Share your dilemmas and get honest opinions from other Mumsnetters.

“I’d like to have your DS today because your DP needs a break and he loves me” - my mum

142 replies

NCtoddlerq · 25/06/2023 17:43

Bit of a backstory here. Always had a weird relationship with my mum, always walked on egg shells around her because I never know when she’s going to snap. Always made to feel guilty even if my feelings are justified and always end up apologising to her to save peace.

Im frequently told what to do, whether it’s me or in regards to my toddler, who is autistic.

Im a working mum, work from home as own business, very strict about my working hours and don’t work weekends.
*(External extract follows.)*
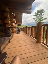 There are two large, covered decks just off the kitchen, on either side of the large dining area. One has a large commercial-grade 5-burner Broil King Regal 520 gas grill with plenty of space for meal preparers. The other deck, also covered, has outdoor tables and chairs for those who would like to enjoy their meal outdoors gazing at the Smoky Mountains, as well as rockers to sit and relax.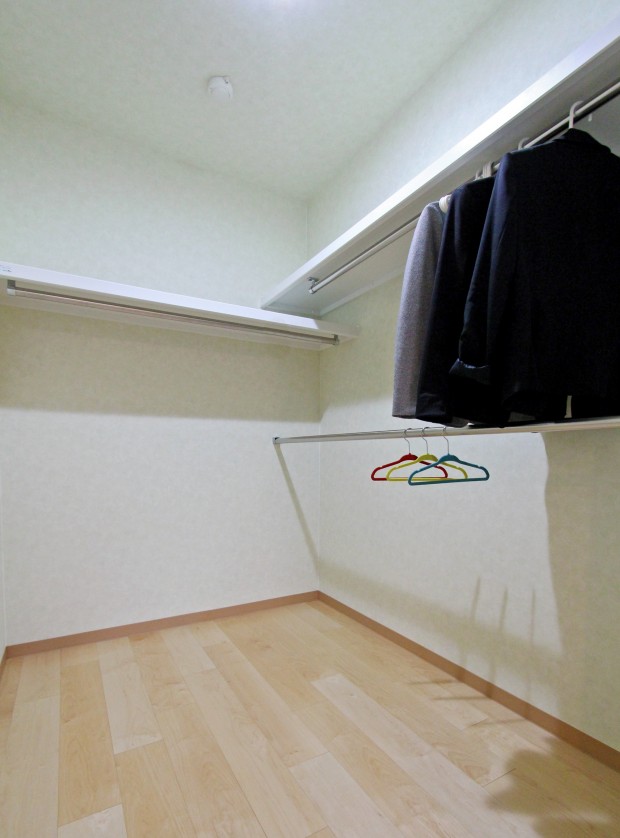 リビングの一角にウォークインクローゼットを設け、ご夫婦の洋服をたくさん収納可能に。

My partner is at home with my son. I take a half day on Friday to spend extra time with him.

I am constantly made to feel bad about this, told my partner is an amazing dad but I’m not a good mum, working when I have an autistic child. If I don’t work we don’t have a roof over our heads, and we’re paying off some debt too.

Anyway, she’s had a cough at night for the past few weeks which is getting her down & she’s been talking about it non-stop and in and out of the doctors. I felt bad for her and I ended up paying an artist to create a lovely drawing for her to surprise her with. She was nice to me for about two days and then things went back to normal snapping at me.
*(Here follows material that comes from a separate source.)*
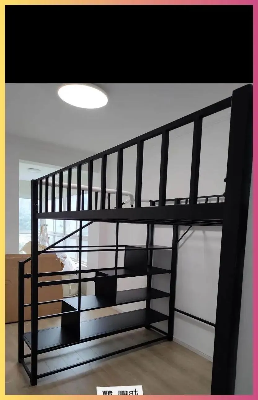 他还用床侧空间做收纳区,放宿舍铁架层;顶部转角挂钩放袋子,不浪费一寸地。

Last night I called her and she immediately asked to see DS. I am in a bad flare up of IBD, rectal bleeding and chronic diarrhoea and yesterday was really weak. I told her I was flaring and she said ‘it’s a tummy bug, it’s not like you need to go to hospital for it is it.’ She then said she was going and hung up the phone.
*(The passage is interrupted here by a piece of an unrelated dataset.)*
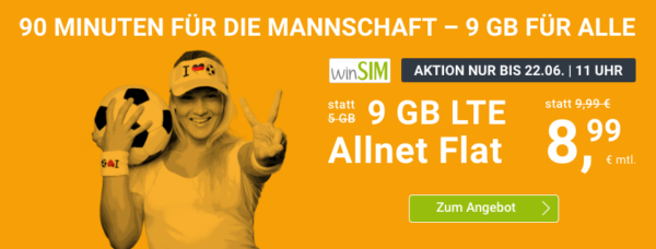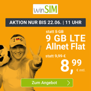Bei WinSIM, einer Marke der Drillisch AG (SIM.de, Simply & Co.), erhaltet ihr die 9 GB LTE Allnet-Flat für 8,99€/Monat (auch ohne Vertragslaufzeit!).

i sent a message to say that I was really upset about the way she had spoken to me, she read and ignored.

today she has messaged in a group chat with myself and my DP: I’d like to have your DS for a few days.

me: no thank you
her: why not
me: we’re having a family day
her: we’ll I thought your DP could use a break and he loves time with me
me: I am feeling upset by last night, we are spending the day as a family
her: not arguing with you, your DP needs a break
me: I am here with DS so I don’t understand what you’re getting at
her: have a nice day :)

Been feeling angry about it all day because I just feel like a crap mum all the time.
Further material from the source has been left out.